En la boca del lobo is the first solo exhibition by ektor garcia (Red Bluff, California, 1985) at Galerie Nordenhake Mexico City. In his practice, garcia explores historically marginalized craft techniques, revalorizing them through a dialogue between materials of seemingly antithetical natures: ceramics, crochet, metal, leather, and rubber, integrating them into sculptural and spatial reflections.

The exhibition brings together various works produced in Tzintzuntzan “place of the hummingbirds”, Michoacán, a site that articulates the exhibition and serves as the artist’s current residence. garcia has explored Tzintzuntzan through the lens of daily lived experience: the intersection of memory, Purépecha history, proximity to local artisans and neighbors, the exploration of plastic traditions, and the bicycle journeys that allow him to map the region.

With a father from Michoacán, the artist’s cultural and artistic inquiries are directly influenced by the geographical environment. In this sense, his imaginary has been shaped not only by national crafts but also by international traditions; his travels across different continents have allowed him to identify commonalities and disparities within this vast spectrum of handwork. His current residence in Michoacán has framed his interest in Purépecha culture, whereby Tzintzuntzan ceases to be a decontextualized site and becomes a terrain for horizontal dialogue and continuous learning between the artist and local artisans.

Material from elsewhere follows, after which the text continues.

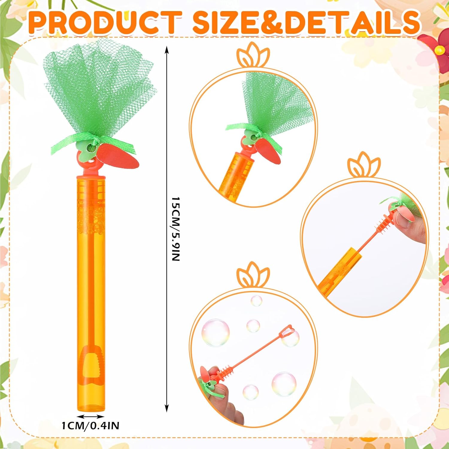 Features: Enhance your Easter festivities with our Easter Bubble Solution in carrot shapes. These mini bubble wands are perfect for little hands. Safe, non-toxic, and portable for endless bubble. Ideal for Easter baskets and party favors! Crafted from realistic carrot-inspired designs, these non-toxic bubbles are safe for skin and clothes. At 4.2 inches/ 10.67 cm, they fit easily into pockets or gift bags, making them perfect Easter gifts. Specifications: Material: plastic Color: green, orange Size: Carrot bubble wands: approx. 4.2 inches/ 10.67 cm Card: approx. 0.98 x 0.98 inch/ 2.5 x 2.5 cm Package includes: 24 x Carrot bubble wands 24 x Cards Notes: Manual measurement, please allow slight errors on size. The color may exist a slight difference due to different screen displays

Several artworks featured in En la boca del lobo revisit processes and materials used by the artist in 2011, in which garcia constructs textiles from the rubber of punctured bicycle inner tubes after removing their valves. The exhibition also includes chains carved in cantera stone, carved pine pillars, and various crochet weavings made from diverse materials such as copper wire, cassette tape, and natural wool, interwoven with objects found on the road.

Other works explore the anatomy of human hands, referring to the primordial tool that allows for the transmutation of almost any matter. This action was observed and learned alongside the artisans of Tzintzuntzan. Hands carved in cantera or eucalyptus wood, or woven in popotillo, palm, chuspata, and copper wire, do not merely refer to the body and its creative capacity; they reclaim the identity of those who perform artisanal labor, a task frequently obscured or marginalized.

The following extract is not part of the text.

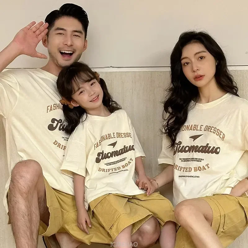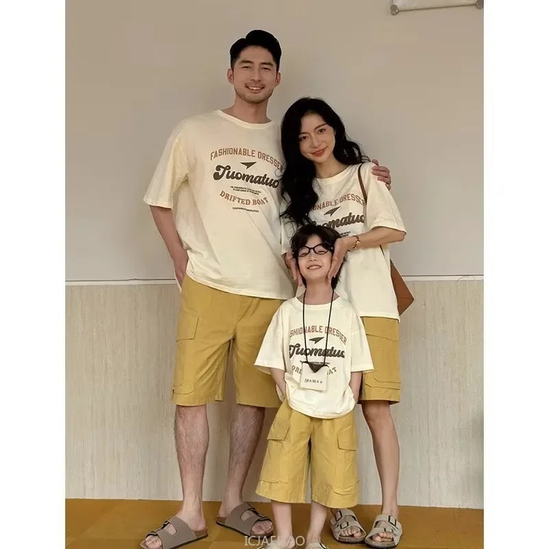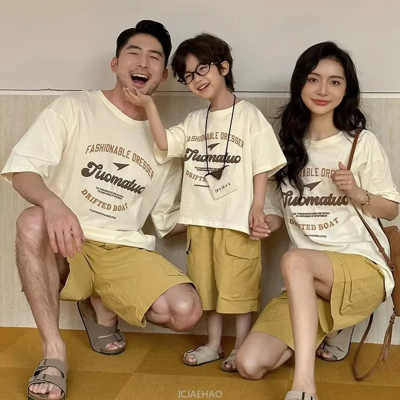 Costumes assortis pour la famille, t-shirts + Shorts en coton à manches courtes pour mère et fils, ensembles deux pièces pour père

garcia’s practice is defined by the constant juxtaposition of diverse materials, a language that forces the coexistence of the seemingly irreconcilable: metal and ceramics, casting and modeling, wire and varied textile fibers, bicycle rubber and valves. In this oscillation between extremes, the exhibition presents several thresholds, physical or symbolic structures that divide the interior from the exterior. En la boca del lobo is a colloquial warning about leaving one place to enter another where danger is imminent. Having crossed this threshold, what emerges is a song of survival that overcomes punctured tires and violent territories, a song that finds its echo in the shared and learned practices of Andrés López, Diego López, Isidro López, Paula Juan Flores, Don Guzman, Aimé, Paula Guzmán, and Raúl Cortés Melo artisans and neighbors.